- _Problem requirements_
The required output is the exact run of lines in the listing below from the line holding "Baptism in the" through the line holding "Introductory Education of", with no pictures.

- _Study material_
- - - - - - -

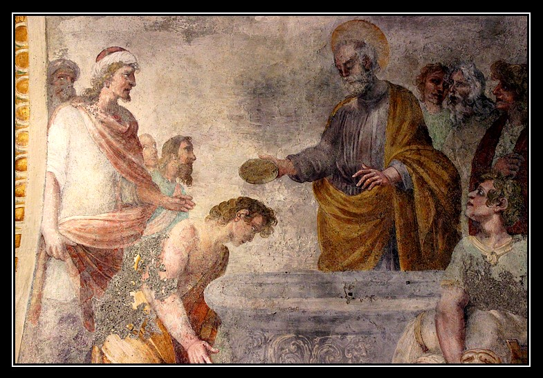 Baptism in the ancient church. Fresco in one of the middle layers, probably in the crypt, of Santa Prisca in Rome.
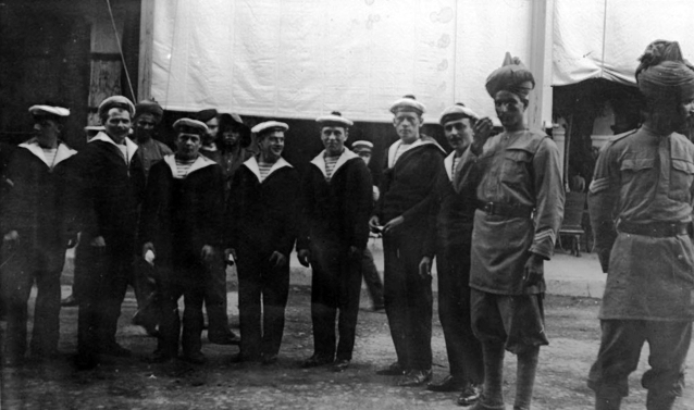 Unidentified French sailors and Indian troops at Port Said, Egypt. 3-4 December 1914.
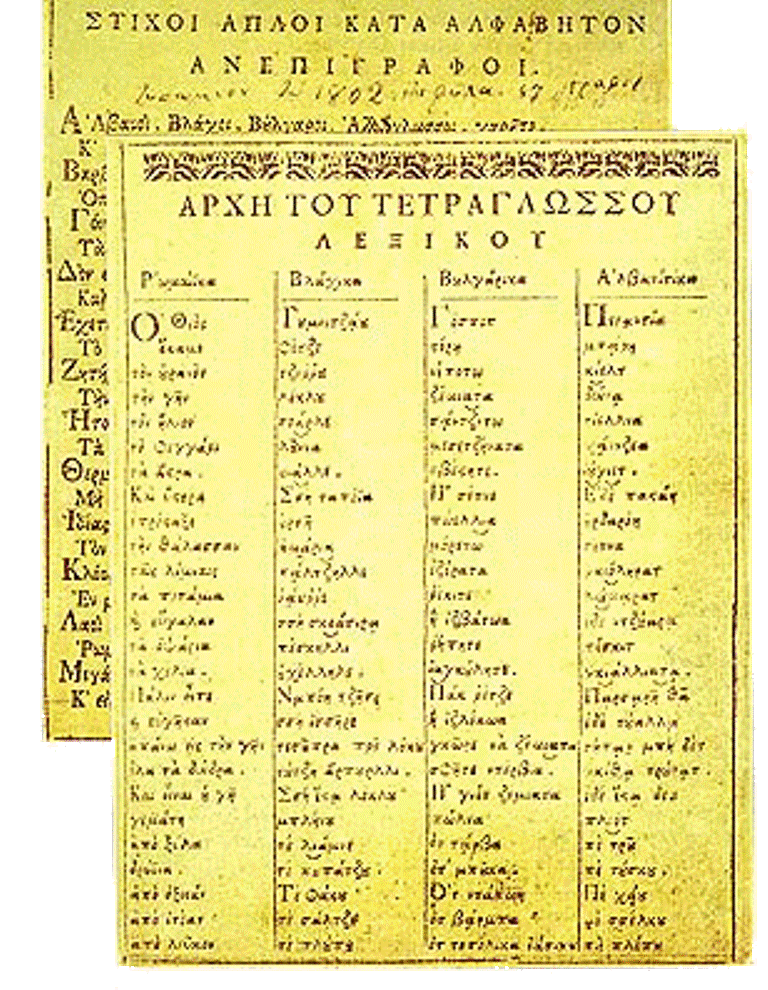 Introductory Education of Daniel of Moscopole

- - - - - - -

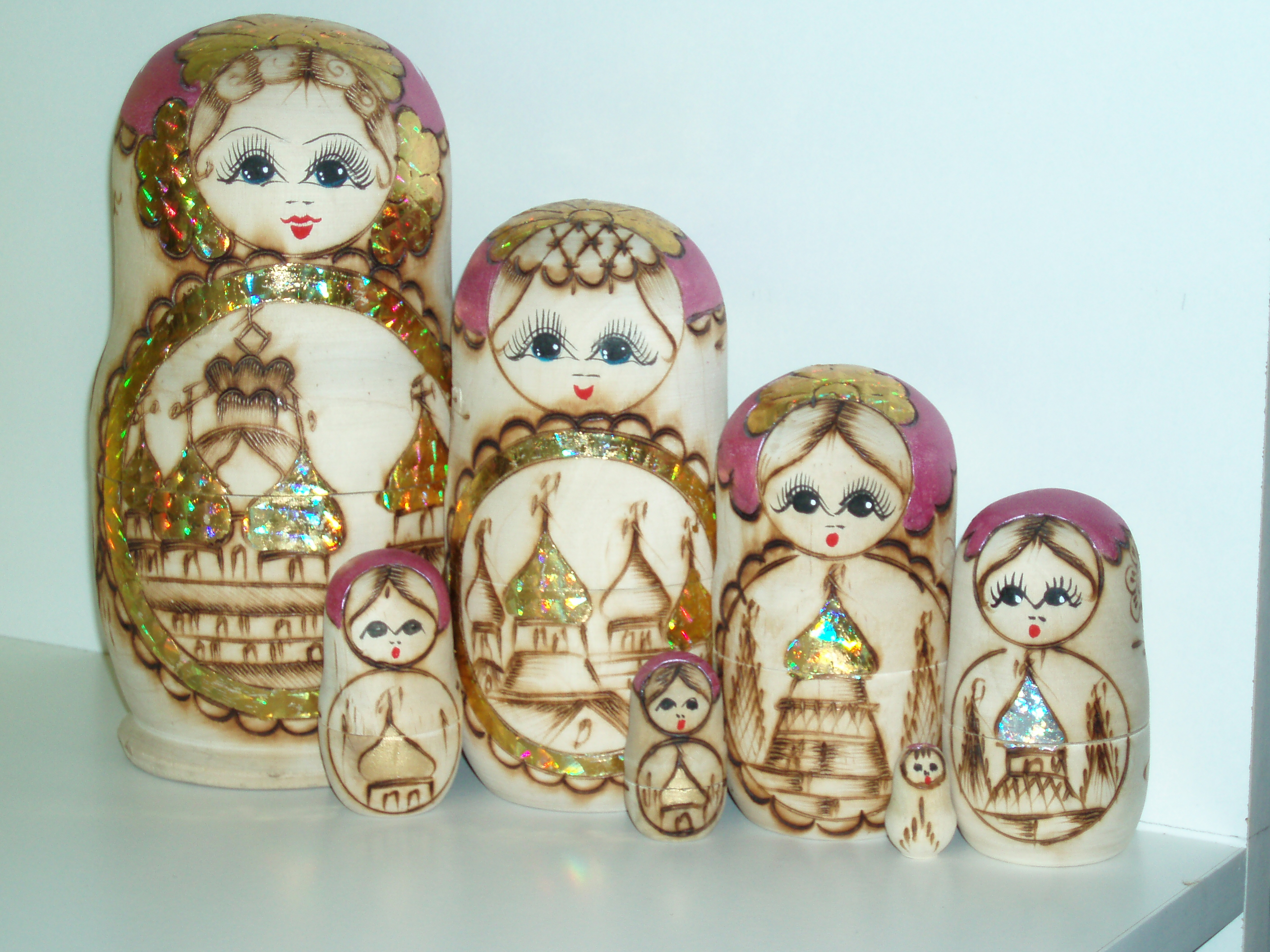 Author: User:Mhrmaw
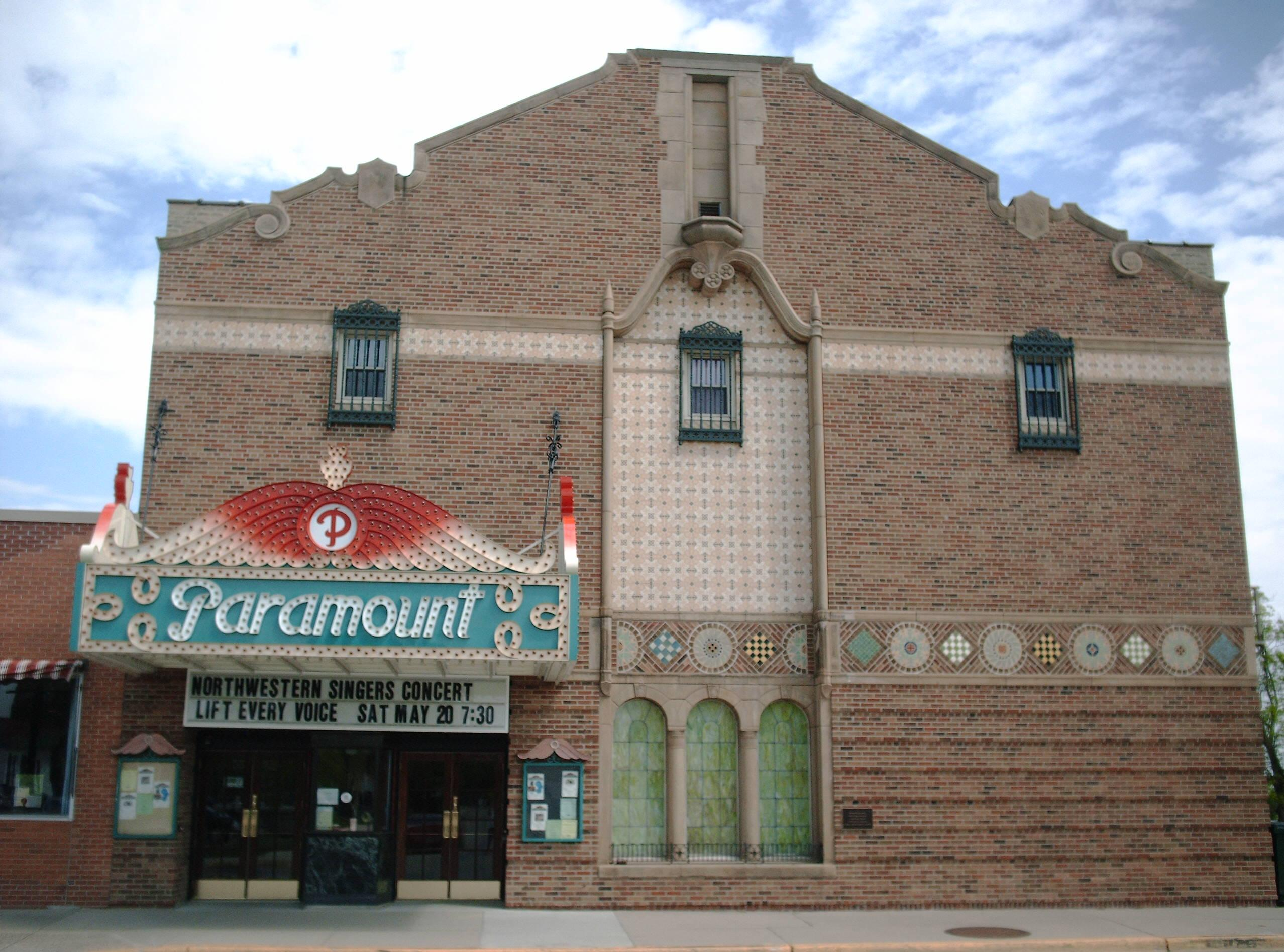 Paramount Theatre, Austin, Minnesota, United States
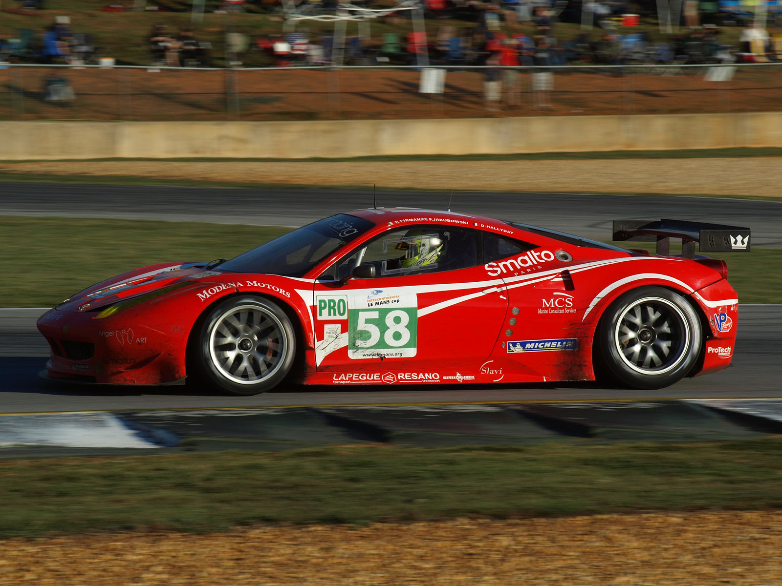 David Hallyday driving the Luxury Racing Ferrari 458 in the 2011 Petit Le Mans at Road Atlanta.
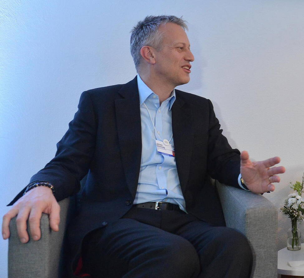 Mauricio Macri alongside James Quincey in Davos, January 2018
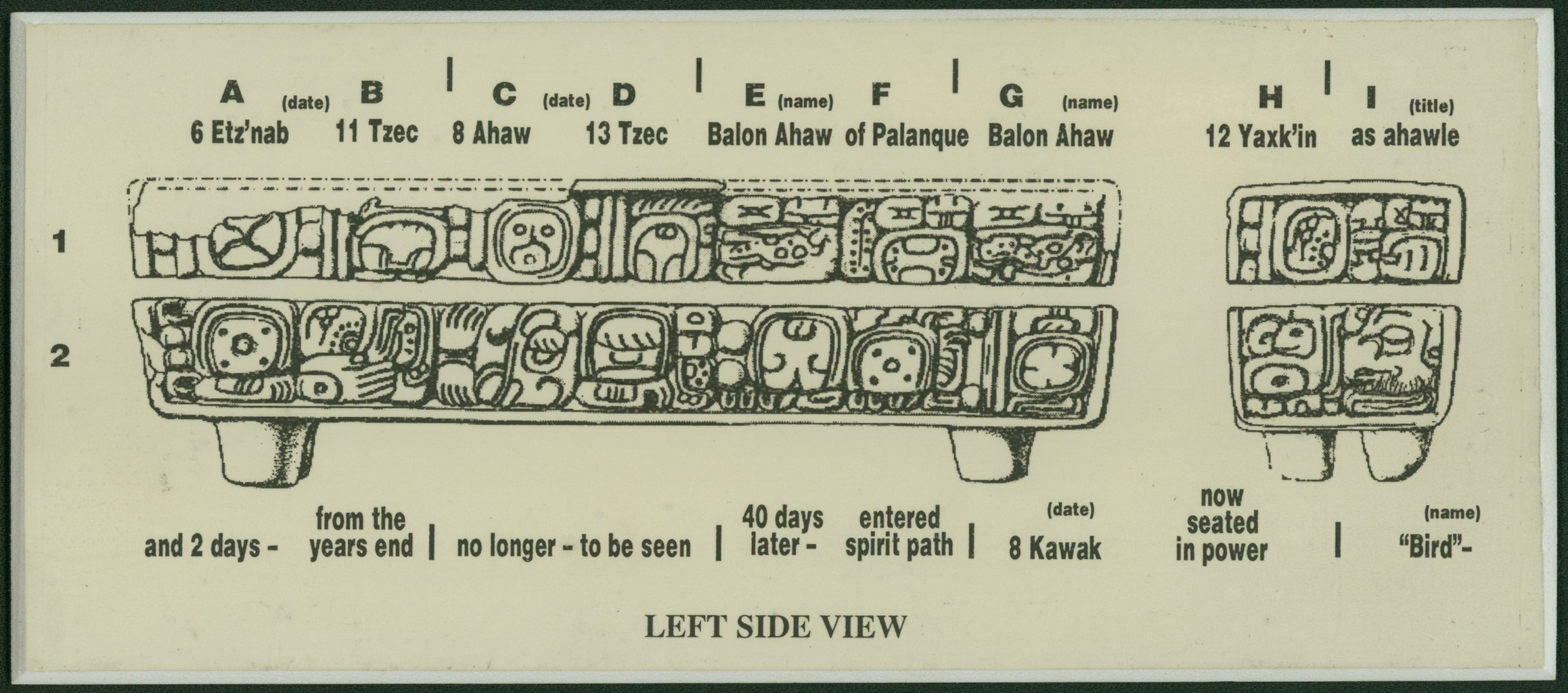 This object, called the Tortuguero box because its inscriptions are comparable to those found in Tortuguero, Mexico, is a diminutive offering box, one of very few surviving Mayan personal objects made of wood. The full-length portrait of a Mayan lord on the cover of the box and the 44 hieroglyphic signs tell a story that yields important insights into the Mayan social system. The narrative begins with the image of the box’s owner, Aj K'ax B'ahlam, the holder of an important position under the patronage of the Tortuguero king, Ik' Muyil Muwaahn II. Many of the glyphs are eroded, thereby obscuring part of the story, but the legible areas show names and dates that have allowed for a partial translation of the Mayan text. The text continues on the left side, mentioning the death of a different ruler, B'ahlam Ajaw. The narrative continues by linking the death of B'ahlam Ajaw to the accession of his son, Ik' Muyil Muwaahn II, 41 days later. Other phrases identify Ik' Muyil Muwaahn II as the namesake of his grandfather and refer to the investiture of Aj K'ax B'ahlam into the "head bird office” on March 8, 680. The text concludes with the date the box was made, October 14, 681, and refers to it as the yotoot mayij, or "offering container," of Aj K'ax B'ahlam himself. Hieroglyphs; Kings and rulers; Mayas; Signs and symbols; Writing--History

- - - - - - -

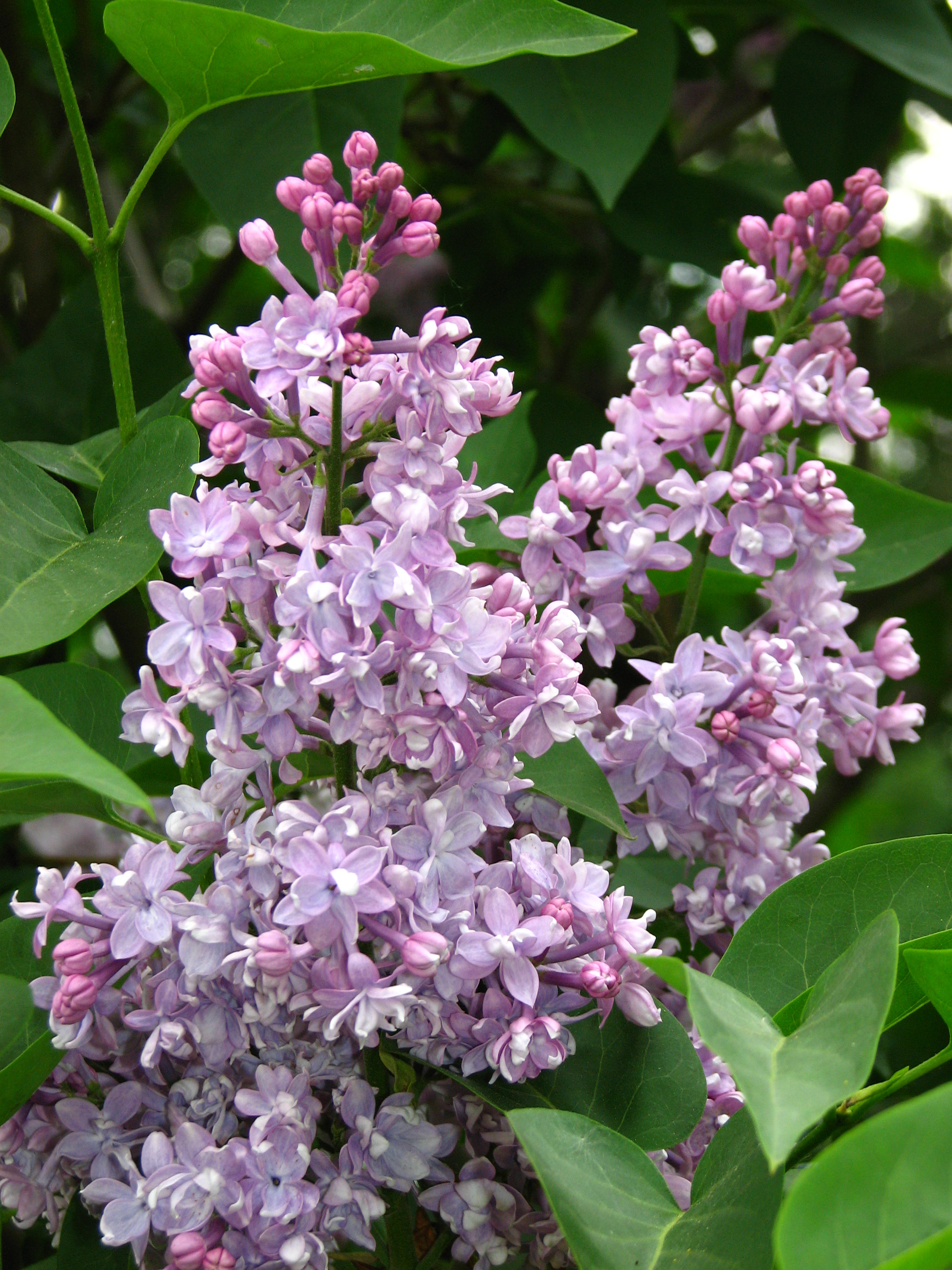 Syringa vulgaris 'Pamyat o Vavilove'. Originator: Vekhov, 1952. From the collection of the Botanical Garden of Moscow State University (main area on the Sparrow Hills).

- - - - - - -

- _Task output_
 Baptism in the ancient church. Fresco in one of the middle layers, probably in the crypt, of Santa Prisca in Rome.
 Unidentified French sailors and Indian troops at Port Said, Egypt. 3-4 December 1914.
 Introductory Education of Daniel of Moscopole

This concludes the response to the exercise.